(Extracted records)

════════════════

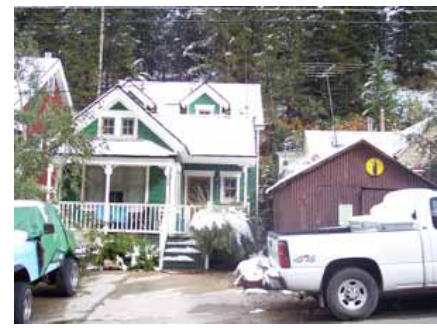
255 DALY AVENUE Significant Site Designated Feb. 4, 2009
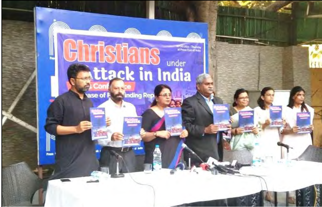
October 21, 2021 nü New Delhi nung osangbenertem senden ka nung India nung Khristanem anema inyakba report ka sayaba mapang tangokba noksa nung angur.

New Delhi, October 22 (Agencies): October 21, 2021 nü New Delhi nung osangbenertem senden ka nung India nung Khristanem anema inyakba report ka sayaogo.
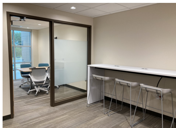
Some of the collaborative spaces and one of the conference rooms are shown in the pictures.
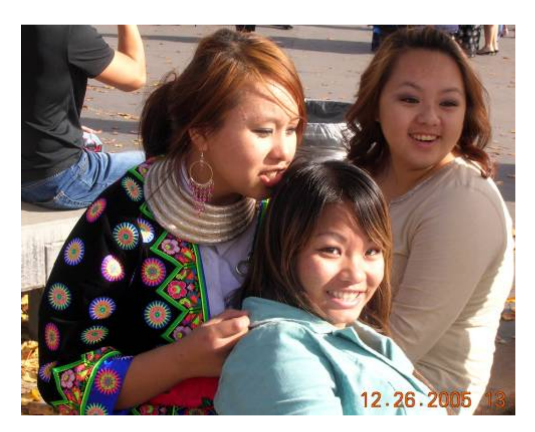
Born in America.
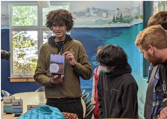
Spanish Springs High School students were eager to check out the scavenger hunt available in the Underwater Lake Tahoe Lounge at the UC Davis Tahoe Science Center™.

As part of the American Alliance of Museums (AAM) Museum Assessment Program TERC is expanding the accessibility of science education to Spanish-speaking visitors and a younger demographic (age eight and younger). Spanish translated speech bubbles will be added to the Tahoe Science Center that express guiding questions through the science center exhibits.
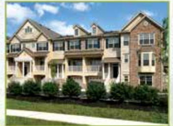
Heritage Pointe Village Way, Chalfont, PA 18914
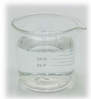
▲ Sirayash Plantix® Vituna
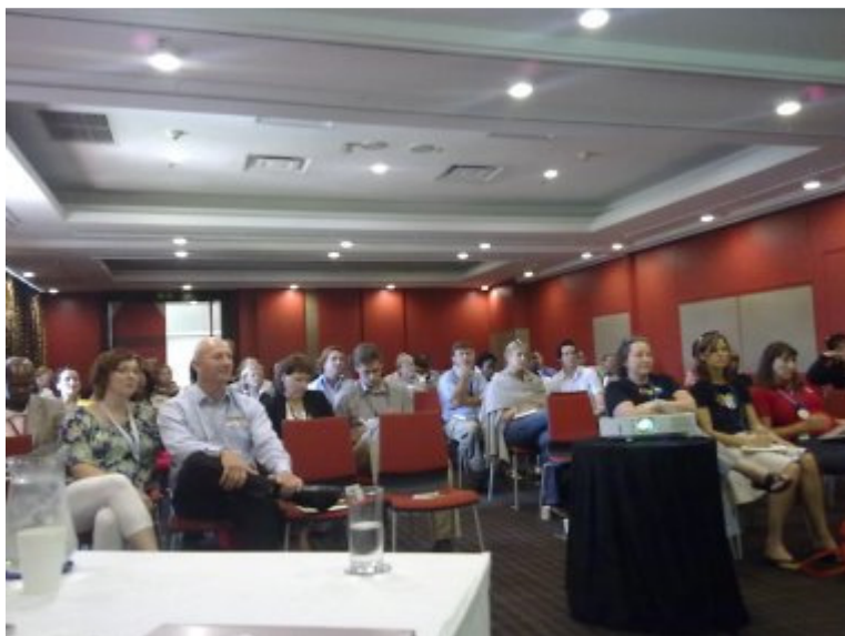
Tourism Indaba ICC Durban : Delegates at our Greenstuff breakaway workshop "How to Go Green"

════════════════

Quote exactly, and nothing besides, the lines from the one with "Heritage Pointe Village" through the end of the records above; include both ends and omit the pictures.

Heritage Pointe Village Way, Chalfont, PA 18914
▲ Sirayash Plantix® Vituna
Tourism Indaba ICC Durban : Delegates at our Greenstuff breakaway workshop "How to Go Green"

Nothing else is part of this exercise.